(Stored dataset items)
════════

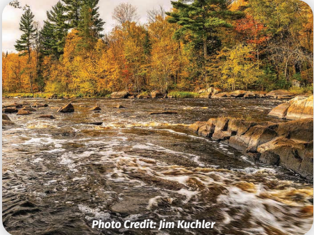
South Fork Falls

For additional information, contact the forest headquarters located at: W1613 County W, Winter, WI 54896 715-332-5271
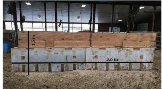
Figure 1. A blind made from plywood and a plastic road barrier filled with water was placed in the middle of the pen. Image provided by Creutzinger et al., 2021.

decreased attention from other cows, particularly in the 2 hours leading up to calving. These findings suggest that providing a blind structure allows cows to better isolate during calving, potentially reducing calving stress.
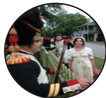
Historic Pensacola Field Trip
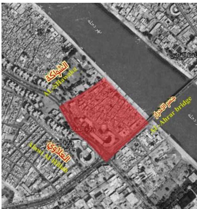
Fig-3: Al-Kuraimat area and its environs

It is a traditional locality located on the western side of Baghdad, on the side of Al-Karkh, surrounded on the northeast by the Tigris River, on the south by Karada Maryam, and from the northwest by Al Shawka, and Alawi Al-Hillah and Al-Durayyin district from the west, and adjacent to it is Al-Ahrar Bridge.
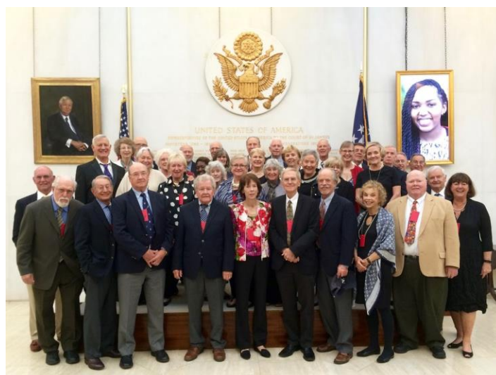
At the U.S. Embassy in London
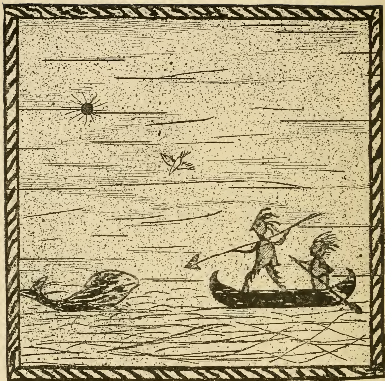
GLOOSKAP AND KEANKE SPEARING THE WHALE.
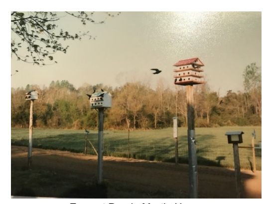
Esmont Purple Martin Houses

PROJECT DESCRIPTION: Ballinger Creek runs through the historic village of Esmont, (the Village), mostly in an area that is a flood plain, creating a situation ideal for a Wildlife Refuge.
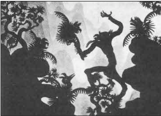
The Adventures of Prince Ahmed - the first full length animated feature
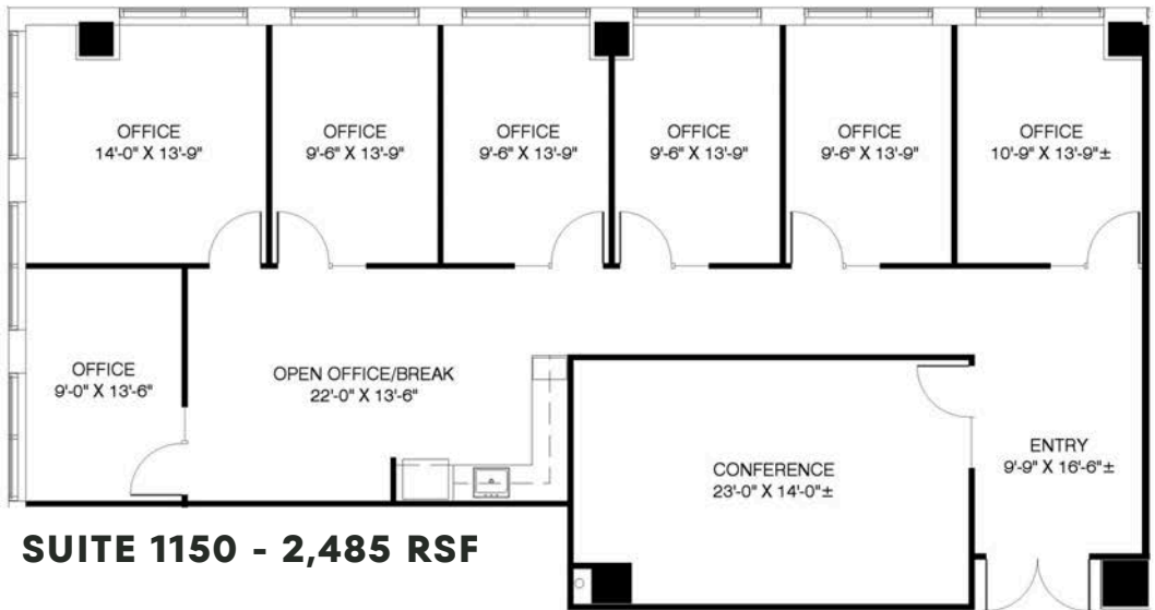
SUITE 1150 - 2,485 RSF
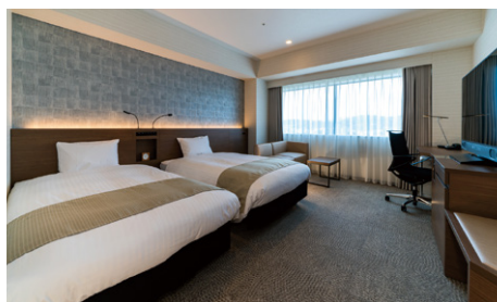
Moderate Twin Room (30.8m²)
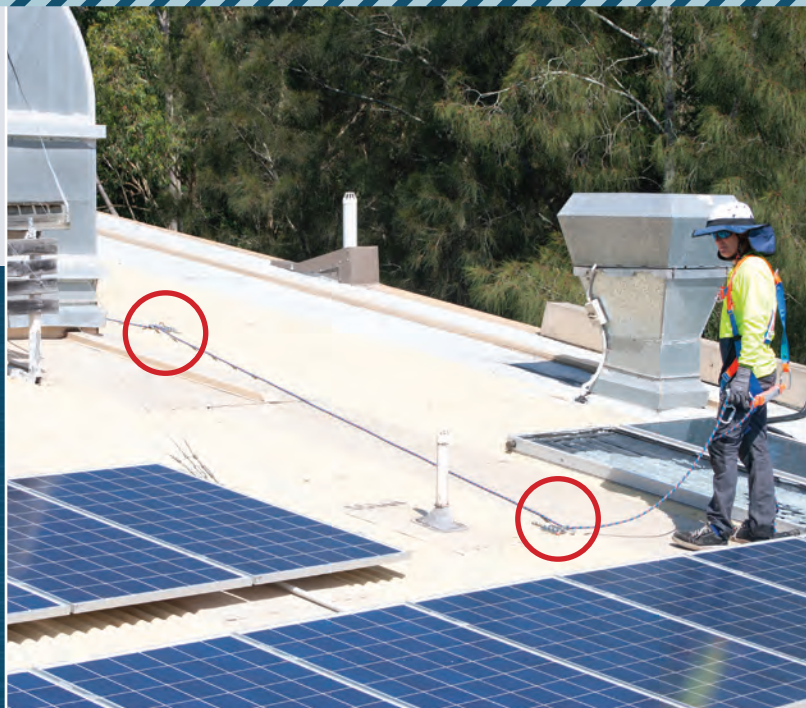
Discrete placement of Roof Anchors
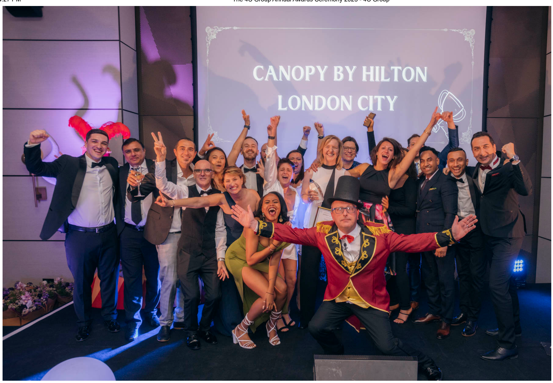
Celebrations went on well into the evening with an outstanding performance by <u>Live Entertainment UK</u> and a fabulous dance troupe who performed covers from the film, The Greatest Showman.
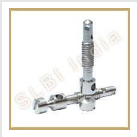
Brass Electrical Meter Screw
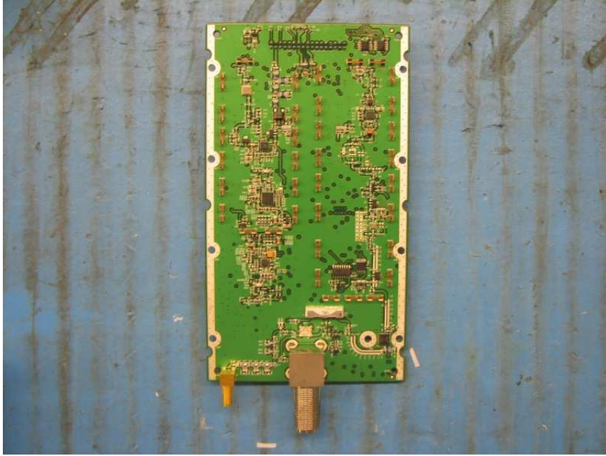
PCB Assembly Top View Ant Port without shielding - MRAU
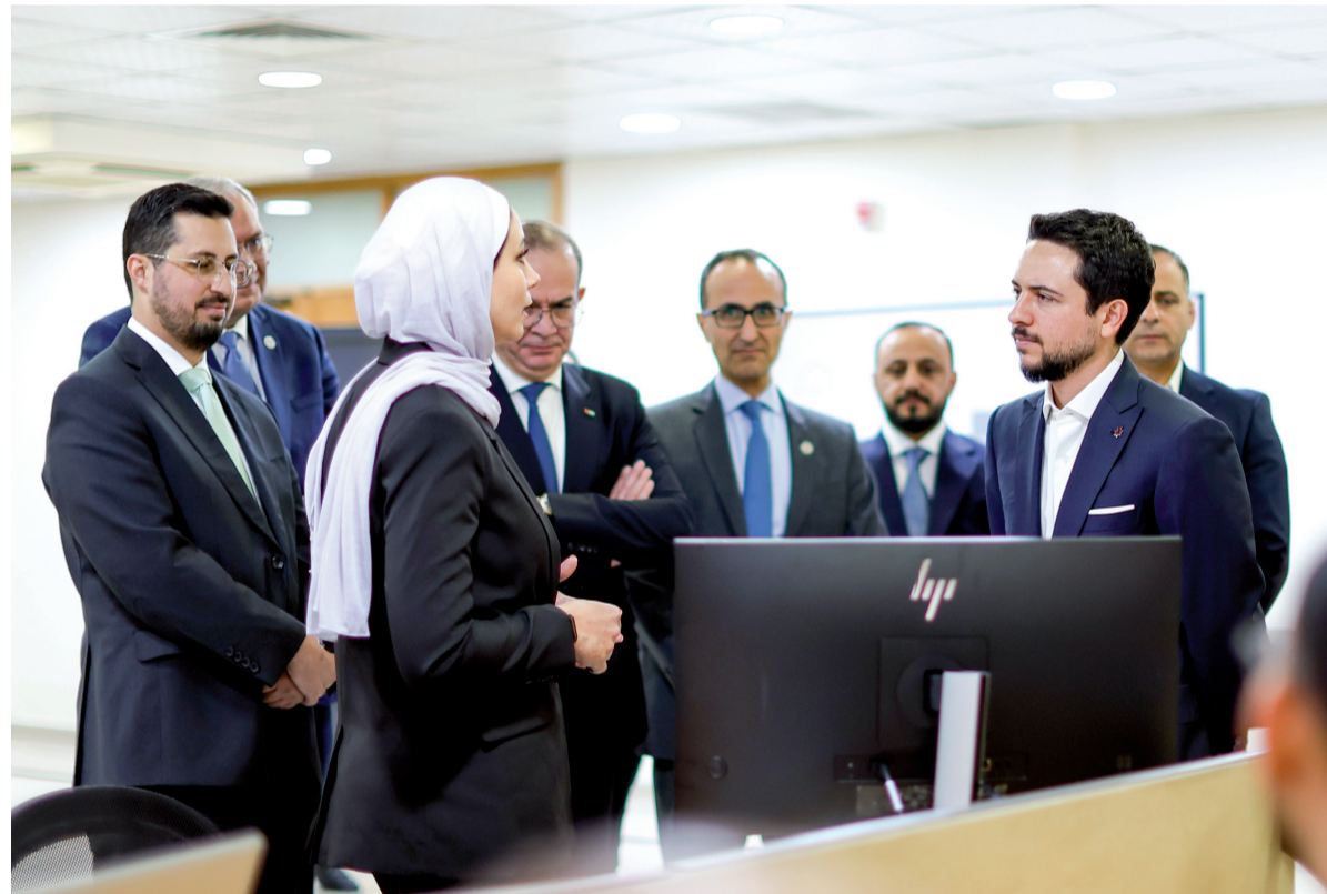
HRH Crown Prince Hussein, during a visit to the Ministry of Digital Economy and Entrepreneurship, meets with the Sanad application developers, and notes the importance of building on Sanad's success by expanding the government services it offers, thereby simplifying procedures for citizens

According to Smeirat, more than 83 per cent of government services eligible for digitisa-

════════

Aim of the exercise
Word for word, reproduce all the data, but not the pictures.

Written answer
South Fork Falls

For additional information, contact the forest headquarters located at: W1613 County W, Winter, WI 54896 715-332-5271
Figure 1. A blind made from plywood and a plastic road barrier filled with water was placed in the middle of the pen. Image provided by Creutzinger et al., 2021.

decreased attention from other cows, particularly in the 2 hours leading up to calving. These findings suggest that providing a blind structure allows cows to better isolate during calving, potentially reducing calving stress.
Historic Pensacola Field Trip
Fig-3: Al-Kuraimat area and its environs

It is a traditional locality located on the western side of Baghdad, on the side of Al-Karkh, surrounded on the northeast by the Tigris River, on the south by Karada Maryam, and from the northwest by Al Shawka, and Alawi Al-Hillah and Al-Durayyin district from the west, and adjacent to it is Al-Ahrar Bridge.
At the U.S. Embassy in London
GLOOSKAP AND KEANKE SPEARING THE WHALE.
Esmont Purple Martin Houses

PROJECT DESCRIPTION: Ballinger Creek runs through the historic village of Esmont, (the Village), mostly in an area that is a flood plain, creating a situation ideal for a Wildlife Refuge.
The Adventures of Prince Ahmed - the first full length animated feature
SUITE 1150 - 2,485 RSF
Moderate Twin Room (30.8m²)
Discrete placement of Roof Anchors
Celebrations went on well into the evening with an outstanding performance by <u>Live Entertainment UK</u> and a fabulous dance troupe who performed covers from the film, The Greatest Showman.
Brass Electrical Meter Screw
PCB Assembly Top View Ant Port without shielding - MRAU
HRH Crown Prince Hussein, during a visit to the Ministry of Digital Economy and Entrepreneurship, meets with the Sanad application developers, and notes the importance of building on Sanad's success by expanding the government services it offers, thereby simplifying procedures for citizens

According to Smeirat, more than 83 per cent of government services eligible for digitisa-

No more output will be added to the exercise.